Republicans Don’t Know How to Fight

Over the winter the chairman of the Colorado Republican Party did what traditional conservatives have been doing consistently for more than a decade.  He quit.

Chairman Wadhams was facing a surreal re-election battle against a Tea Party/Fundamentalist coalition and the toll was beginning to show.  What drove his decision?  He explained, “I’m tired of the nuts.”

Every party has its fringe and those extremists play an important role in the political ecology.  But when something happens to throw off the balance between serious public service and nutjobbery, it is very difficult to return to relevance.  The Democrats have silly characters like Sheila Jackson Lee, but she’ll never be a serious Presidential candidate.  Michele Bachmann and Rick Santorum are.  That’s what’s wrong with the GOP.

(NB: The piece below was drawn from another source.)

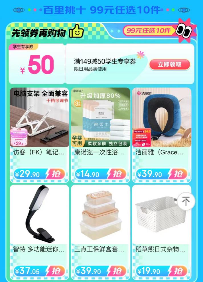 為了讓學生們省錢煥新,京東開學季特設“百里挑十 ”專區(qū),雜物收納籃、筆記本電腦支架、泡腳盆、毛巾、水果刀、除螨噴霧等剛需好物99元任選10件,更有搬家打包收納袋、真空壓縮包、抽屜式桌面收納盒、衣服收納筐等海量商品享低至5折的學生折扣,為學生們帶來超值優(yōu)惠。

So why can’t serious Republicans in the Goldwater/Reagan mold fight back?  Why does John Boehner pretend he can ride this dragon of costumed crackpots?  Why have genuine conservative public servants been consistently steamrolled by fundamentalists and Neo-Confederates since Reagan left office?  Because of history.

It’s tough to remain politically relevant if you can’t get elected.  For most of the 20th Century the Republican Party was locked out of real, national, political power by the Democratic Party’s corrupt patronage machine.  The only way to survive in that atmosphere was to maintain discipline in internal disputes and focus your public message on ideology.  Republicans don’t fight in public because for generations they couldn’t afford to.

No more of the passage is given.